The ISAREG model is an irrigation scheduling simulation model that performs the soil water balance in the root zone (Teixeira and Pereira, 1992; Liu et al., 1998). Input data include precipitation, reference evapotranspiration, total and readily available soil water, soil water content at planting, potential groundwater contribution, crop coefficients and soil water depletion fractions for no-stress relative to defined crop growth stages, root depths and the water-yield response factor. The water balance is performed for various time-step computations depending on weather data availability.

The model computes the potential crop evapotranspiration ETc= Kc· ETo from the reference evapotranspiration (ETo, mm) and the crop coefficients (Kc). The actual evapotranspiration (ETa, mm) is computed by the model as a function of the available soil water in the root zone: ETa= ETc when depletion is smaller than the depletion fraction for no stress (p), otherwise ETa < ETc and decreases as a function of the available water stored in the root zone. Kc and p should therefore be calibrated together when the model is tested by comparing computed and observed soil water content values.

The model windows version, WinISAREG (Pereira et al., 2003), was used in the present study. This version of the model allows computing the reference evapotranspiration using the FAO-PM approach (Allen et al., 1998). It is also included an algorithm to consider soil salinity impacts on ETc and yield (Pereira et al., 2003) and parametric functions for computation of the groundwater contribution and percolation (Liu et al., 2006). The water stress impacts on crop yields are evaluated by estimating the relative yield losses as a function of the relative evapotranspiration deficit through the water-yield response factor Ky (Stewart et al., 1977).

The model input data includes: meteorological data concerning precipitation, P (mm), reference evapotranspiration, ETo (mm), or weather data to compute ETo with the FAO-PM methodology, including alternative computation methods for missing climate data (Allen et al., 1998), wind speed
(m·s-1 or km·h-1) and minimum relative humidity (%); crop data referring to dates of crop development stages, crop coefficients (Kc); root zone depths Zr (m); soil water depletion fractions for no-stress (p) for each development stage; and the seasonal water-yield response factor (Ky); soil data for a multi-layer soil relative to each layer, the respective depth d (m); the soil water content at field capacity q FC (m3·m-3) and the wilting point q WP (m3·m-3), or the total available water (TAW, mm·m-1); the model also allows to compute the total evaporable water (TEW, mm), and the readily evaporable water (REW, mm) characterizing the evaporable layer (depth,% sand and clay). An additional file is used to compute the groundwater contribution and percolation using parameterised equations or using known values of groundwater contribution at specific dates; the initial available soil water (ASW, mm) is provided by the user.

Experimental site characterization

Field data observations for the considered crops were formerly performed in experimental studies carried out during the 80s and 90s at the Irrigation Station of Alquízar, situated at south of La Havana, Cuba. The weather data were observed at the local meteorological station (Latitude 22 46' N; Longitude 82 37'W and altitude 6 m).
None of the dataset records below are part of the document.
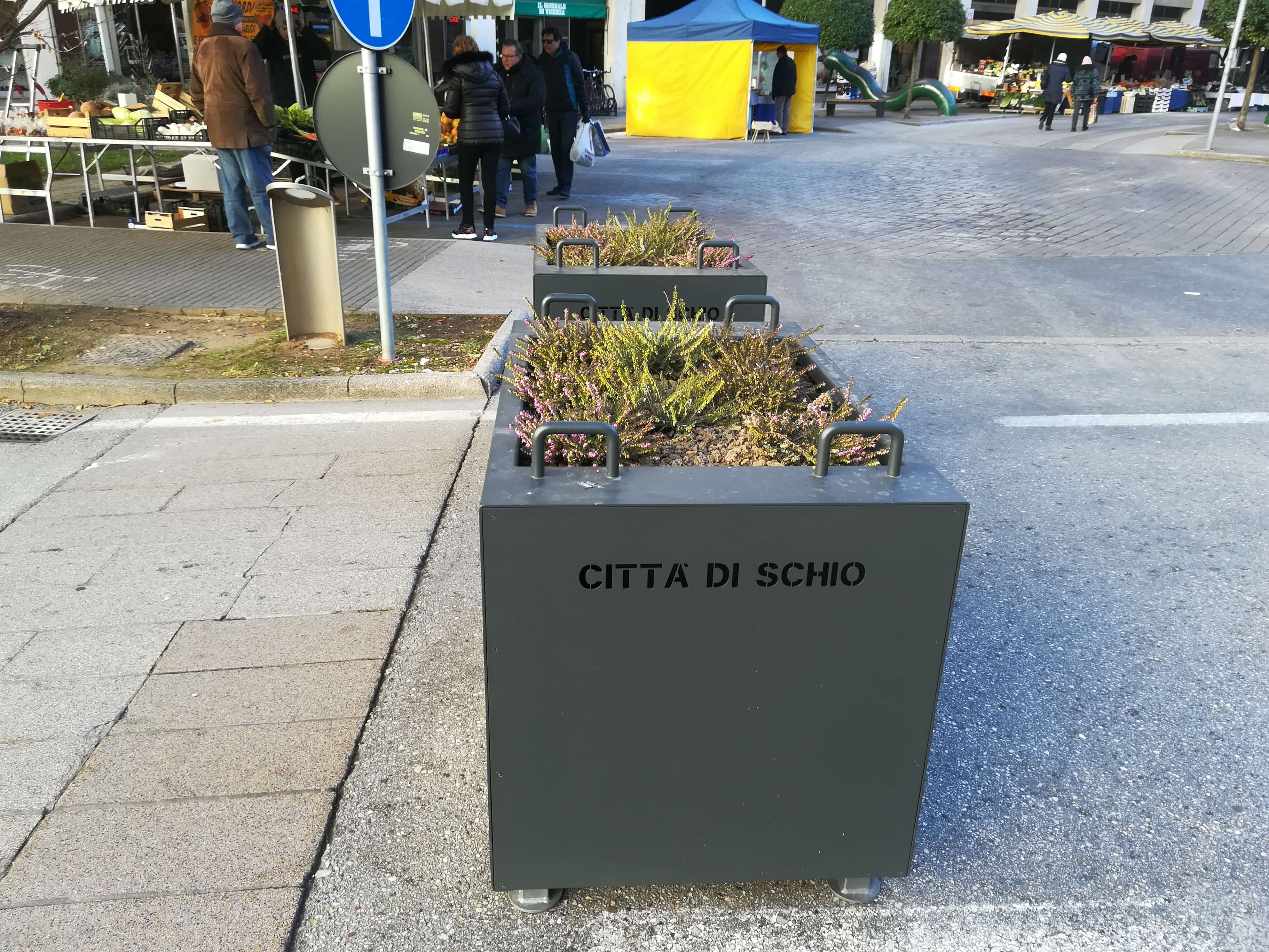 Le fioriere ( 30 in totale) sono state posizionate ai varchi delle aree del centro storico interessate dal mercato o dalle manifestazioni, in accordo e con la collaborazione del Consorzio di Polizia Locale Altovicentino. Vista la trasportabilità, queste potranno essere utilizzate anche in occasione di eventi straordinari in aree esterne al centro storico, ad esempio in occasione di concerti presso l’area spettacoli Campagnola. L’importo economico della realizzazione di tali fioriere è stato di complessivi 85.000 euro.
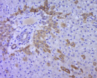 多聚甲醛固定,石蜡包埋(大鼠肝组织);用柠檬酸钠缓冲液(pH6.0)煮沸15min后获得抗原;用3%过氧化氢阻断内源性过氧化物酶20分钟;在37℃下封闭缓冲液(正常山羊血清)30min;抗体(ABP)多克隆抗体在1:400过量下孵育。在4°C下进行光照,然后进行共轭二次20分钟,并进行DAB染色。
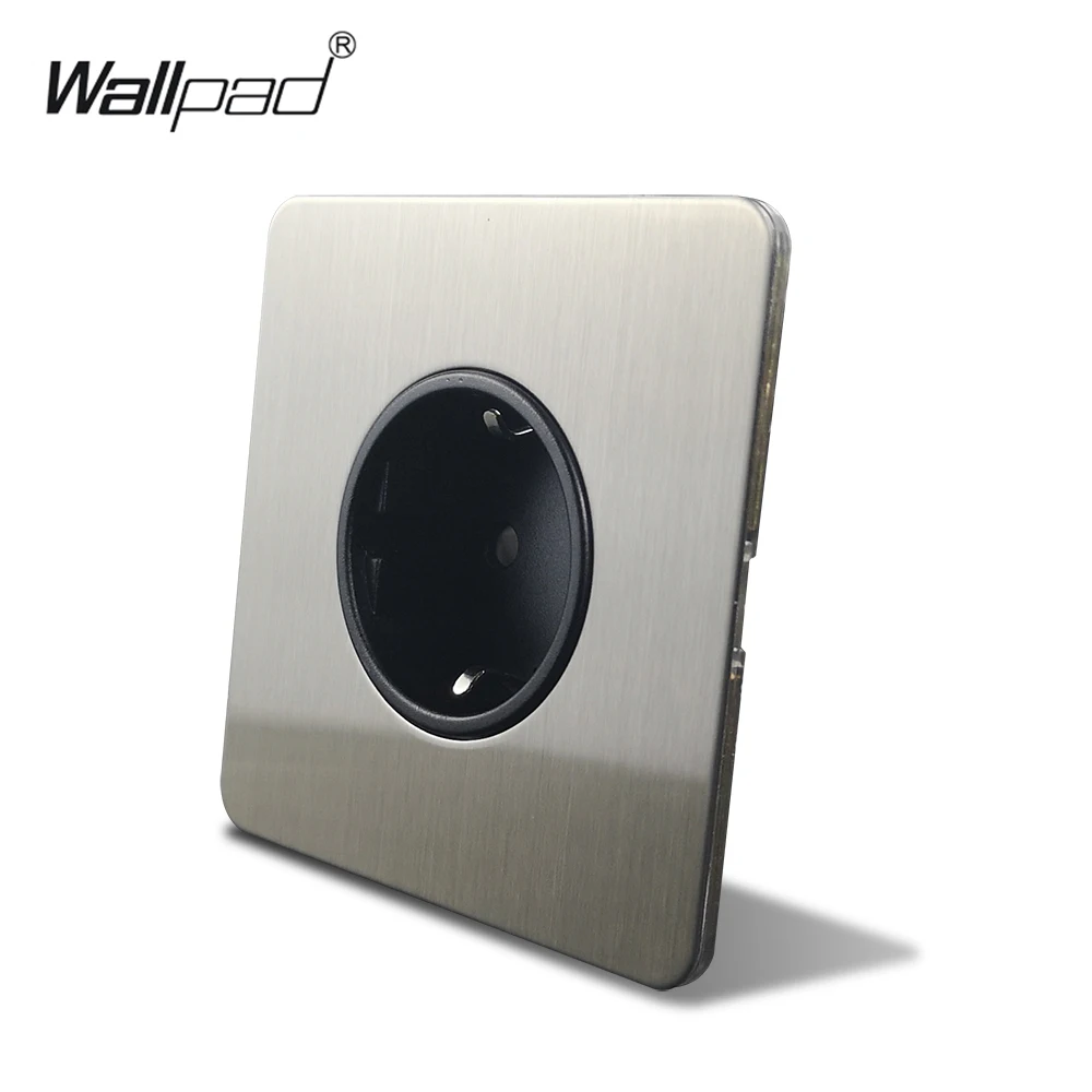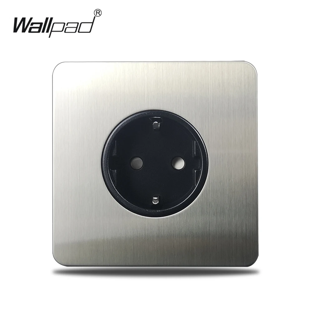 Wallpad Satin Chrome EU Socket Wall Electric Outlet Brushed Silver Stainless Steel Panel H6 Series
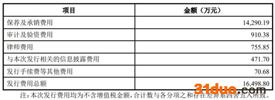 公司本次发行费用总额为16,498.80万元,其中海通证券获得保荐及承销费用14,290.19万元。
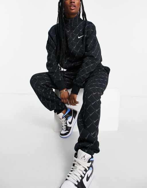 Nike - Oversized joggingbroek bedekt met swoosh-print in zwart
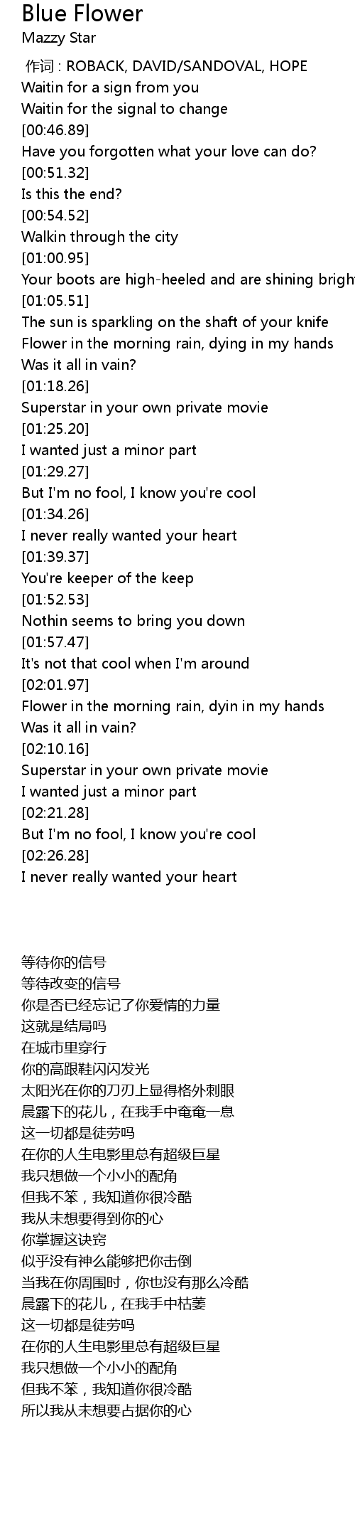 | [02:02.53] | Flower in the morning rain, dyin in my hands |
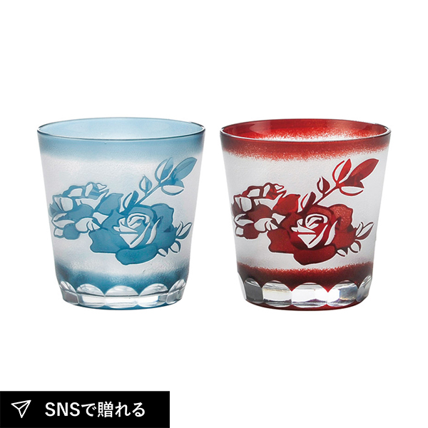 バラの柄が印象的な青と赤の切子です。特別なお祝いやおもてなしにも使えて日常使いもできる、これ1つで食卓がパッと華やかになるアイテム。お酒好きな方へ贈るちょっとしたプレゼントにもおすすめです。
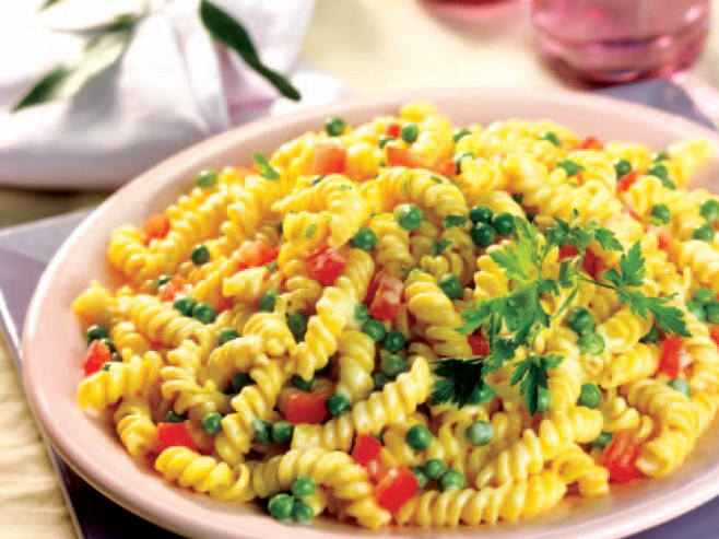 - Παράλληλα βράζετε σε άλλα σκεύη τον αρακά και το καλαμπόκι για περίπου 6’-8’. Τα στραγγίζετε και τα ρίχνετε στη σαλατιέρα με τα ζυμαρικά και προσθέτετε τις πιπεριές και τα φρέσκα κρεμμύδια.
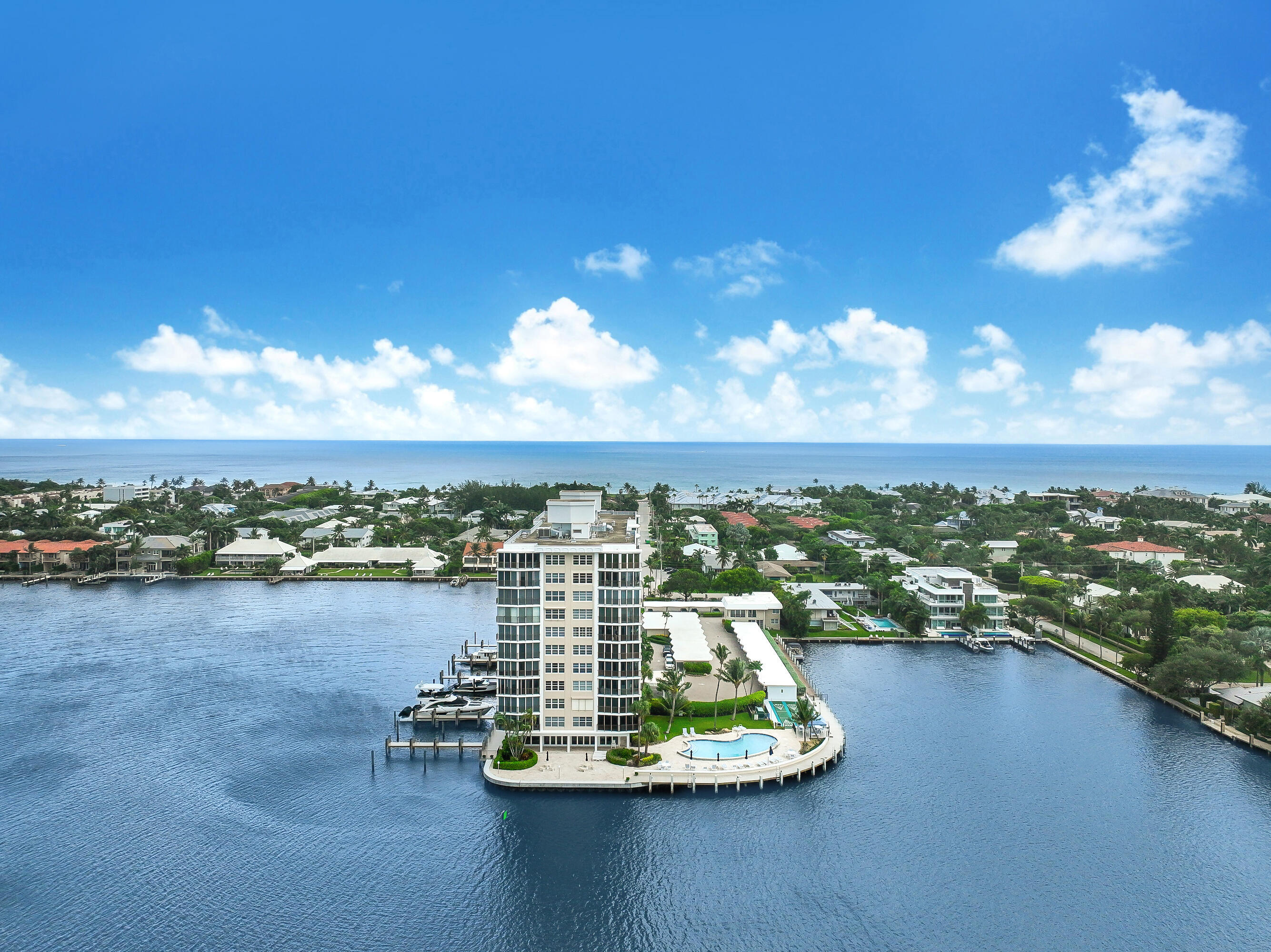 BEST CONDO VALUE <$1M IN EAST DELRAY/''SEAGATE AREA'': Jaw-dropping waterfront views define this oversized 2-bedroom, 2-bath condo perfectly positioned on the Intracoastal and surrounded by water on 3 sides of the building. Enjoy FREE boat dockage with both large & small slips available--an incredible and rare perk! Two expansive open balconies offer sweeping north & south views up & down the waterway, creating the perfect backdrop for sunrise coffees & sunset evenings.This light-filled residence is offered ''essentially furnished''/move-in ready, featuring impact windows, tile flooring throughout, an open kitchen, updated bathrooms, & generous walkin closets. The community has completed ALL compliance reports & delivers resort-style amenities including a doorman/lobby/on-site mgImpeccably maintained, it offers effortless coastal living just one block from the beach and only a few blocks from vibrant Atlantic Avenue. And-- a very short walk to the private oceanside Seagate Beach Club. This is truly the complete package: boating, beach, location, and lifestyle! ***All sizes and square footage are approximate. Information contained herein is deemed reliable but not guaranteed***

Daily data observations for the period 1985-1998 included temperature, precipitation, relative humidity and wind speed observed at 2 m height. The maximum temperature occurs in July-August and the minimum by January. However, the thermal annual and daily variations are very low. The precipitation occurs mainly during the period May to October (rainy season) representing 70% of the annual precipitation. The monthly average precipitation varies within 50- 200 mm ; and the average annual precipitation is 1 490 mm. The climatic characterization of the experimental site is given in Figure 1. Figure 1 shows that during the dry season the balance between precipitation and ETo is negative thus irrigation is needed in order to get appropriated productions specially in what concerns vegetables crops.

FIGURE 1 . Climatic characteristics of the experimental site for the period 1985-1998: average monthly precipitation ( ) and reference evapotranspiration ( ET o ) ( ).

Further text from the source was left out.